What you have to do
Everything in the data should be repeated exactly, save for the images.

Source material
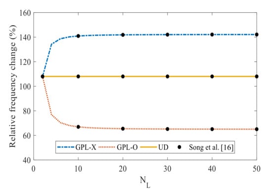 Relative frequency variation vs. the number of layers, for different GPL distribution patterns ( and SSSS boundary condition).
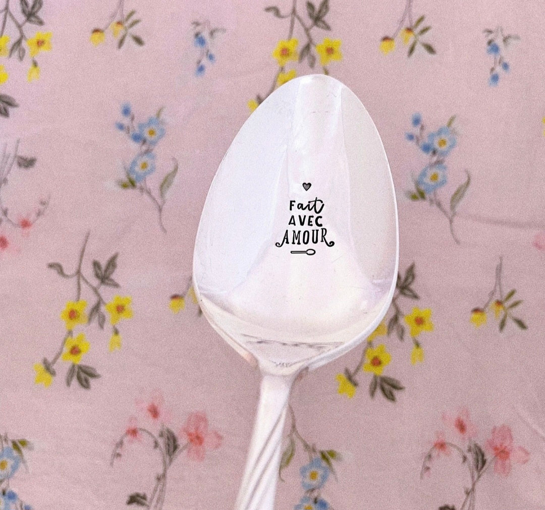 Ajoutez une pointe d’authenticité à vos instants gourmands avec cette grande cuillère vintage, délicatement gravée à la main du message « fait avec amour ». Une pièce unique, empreinte d’histoire, idéale pour sublimer une préparation maison ou offrir un cadeau plein de douceur et de sens.
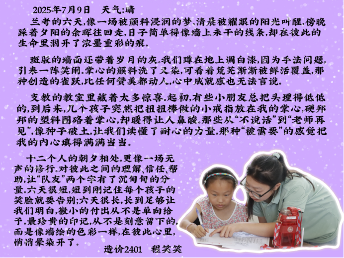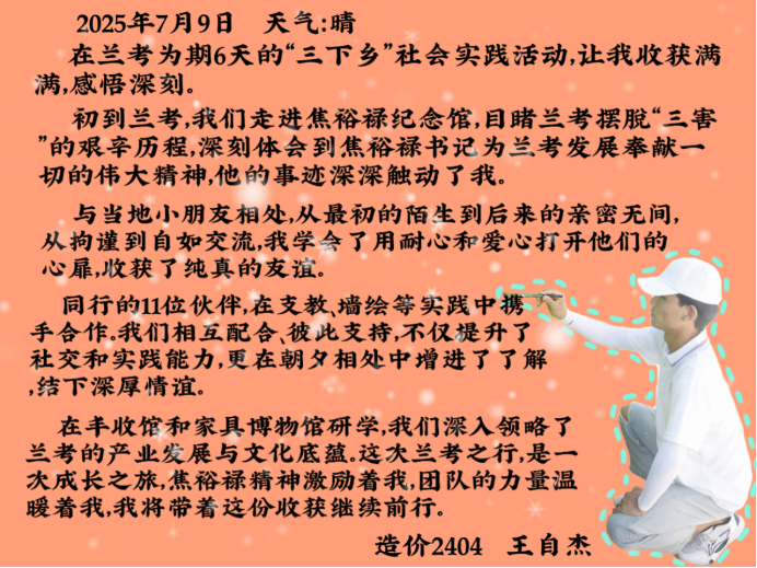 这些文字里,有对焦裕禄精神的共鸣,有对专业实践的顿悟,更有对乡村振兴的热忱。“三下乡”的旅程虽已结束,但它在队员们心中种下的“扎根土地、服务人民”的种子,终将在未来的学习与实践中生根发芽。正如他们所坚信的,最好的成长,是把青春写在祖国需要的地方——这份从实践中汲取的力量,定会指引他们在“建证美好中国”的路上,走得更稳、更远。

Result
 Relative frequency variation vs. the number of layers, for different GPL distribution patterns ( and SSSS boundary condition).
 Ajoutez une pointe d’authenticité à vos instants gourmands avec cette grande cuillère vintage, délicatement gravée à la main du message « fait avec amour ». Une pièce unique, empreinte d’histoire, idéale pour sublimer une préparation maison ou offrir un cadeau plein de douceur et de sens.
 这些文字里,有对焦裕禄精神的共鸣,有对专业实践的顿悟,更有对乡村振兴的热忱。“三下乡”的旅程虽已结束,但它在队员们心中种下的“扎根土地、服务人民”的种子,终将在未来的学习与实践中生根发芽。正如他们所坚信的,最好的成长,是把青春写在祖国需要的地方——这份从实践中汲取的力量,定会指引他们在“建证美好中国”的路上,走得更稳、更远。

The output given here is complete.